而有了這種底氣,他在陳嬌跟前雖然依舊要低頭行禮,但卻要比東方朔有膽量得多。陳嬌也能從他的眼睛裡看到東方朔的那些情緒,她其實一直都隱約可以看到,那種被重重壓抑過的渴望……就像是一個貴族少女看到了同儕頭上精緻的玉釵時,眼中所迸發出的光芒。她很美,又是天子的女人……男人就是這樣,越是得不到的,看著就越好。

陳嬌不動聲色,她沖楚服微微一擺頭,一邊目送楚服離去,一邊不動聲色地說,「是哪家的少婦?能進上林苑來,我卻還沒有見過她。

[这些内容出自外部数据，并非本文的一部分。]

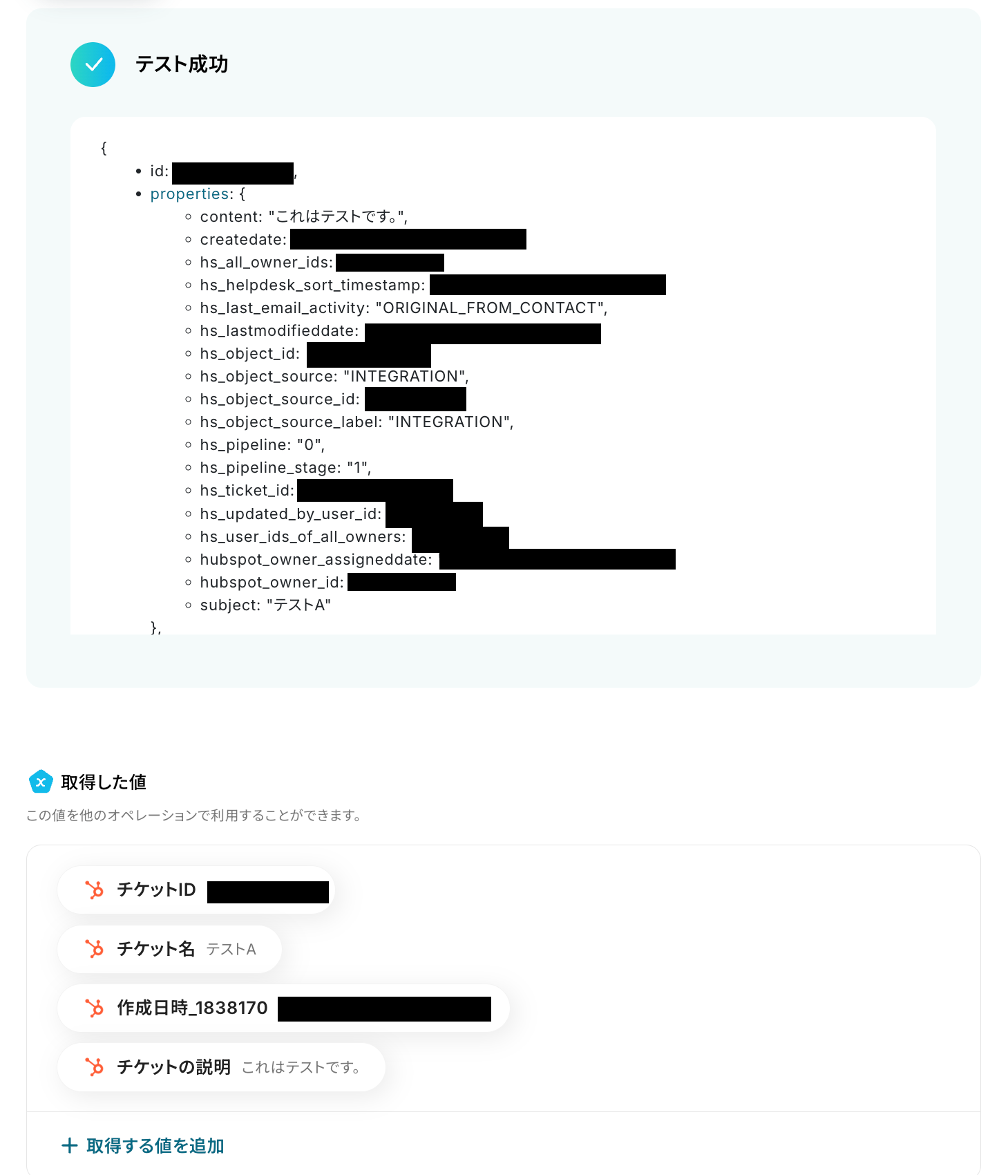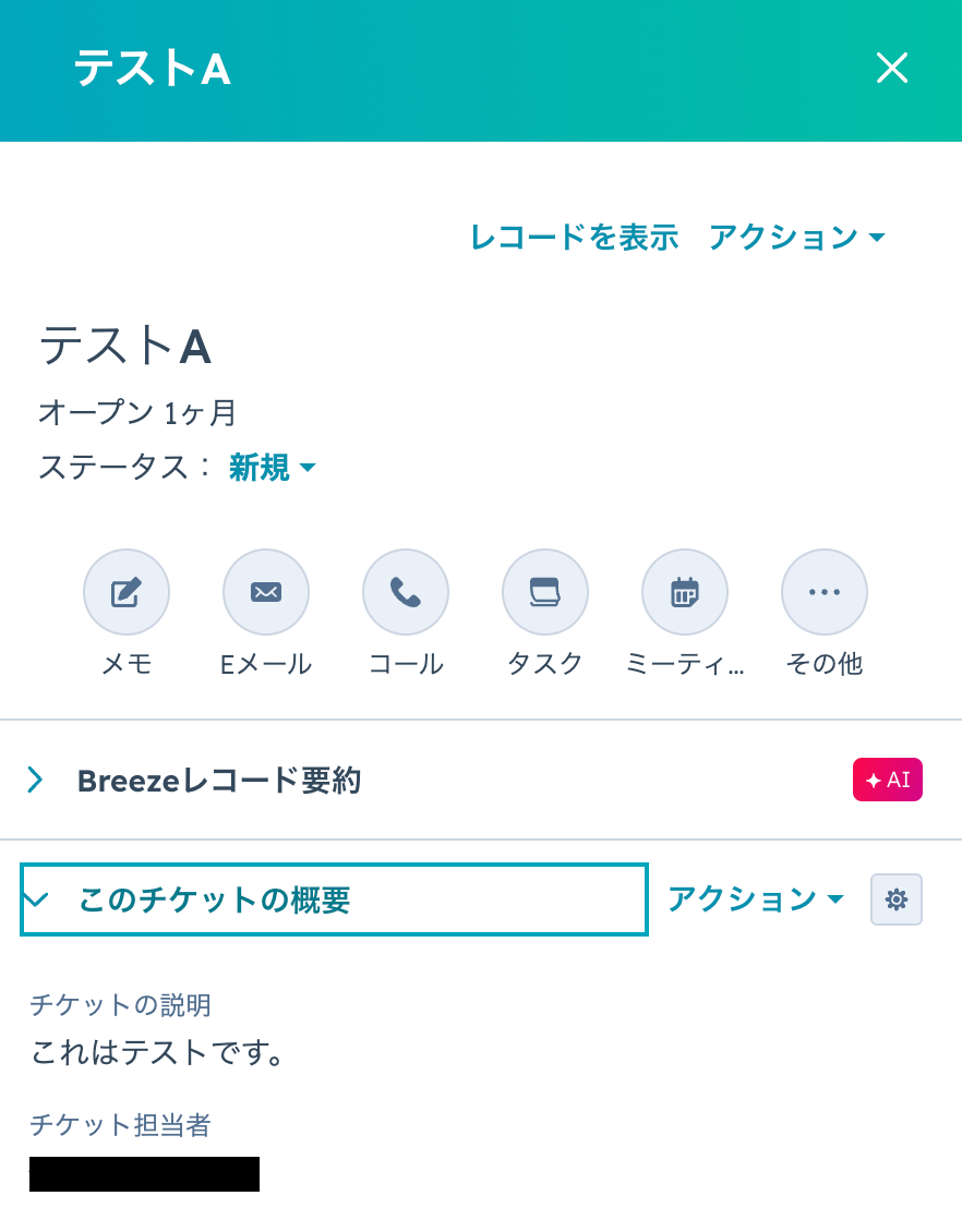 テスト成功という表示が出てきたら、HubSpotのチケットが更新されています!

」

上林苑這麼大,當然不可能只給劉徹一家人居住。除了皇親國戚之外,還有些面子特別大的高官,也被許可帶上一兩個家人隨從住進上林苑裡,享受著炎炎夏日裡難得的陰涼。當然,他們也不會放過討好皇后的機會——也不是每個高官的夫人,等閒可以隨意陪皇后說話的。

「是安樂侯的侍妾。」韓嫣坦然地說,「恐怕因為身份低微,沒有能到娘娘身邊說話。」

陳嬌不禁駭笑,「連安樂侯的女人你都敢碰?王孫,你難道還不知道,安樂侯雖然號為安樂,可卻一直都安樂不起來,陛下那樣看重他。聖心默運,下任宰相恐怕是非他莫屬。你這樣胡來,真令親朋失望啊。十三妹人在長安雖不知道,難道你忘了上林苑裡,也不是沒有她的娘家人?」

身為娘家人,說這話倒是份所應當,韓嫣也並不顯得訝異、侷促,顯然在過來之前,已經想到了陳嬌的這一說。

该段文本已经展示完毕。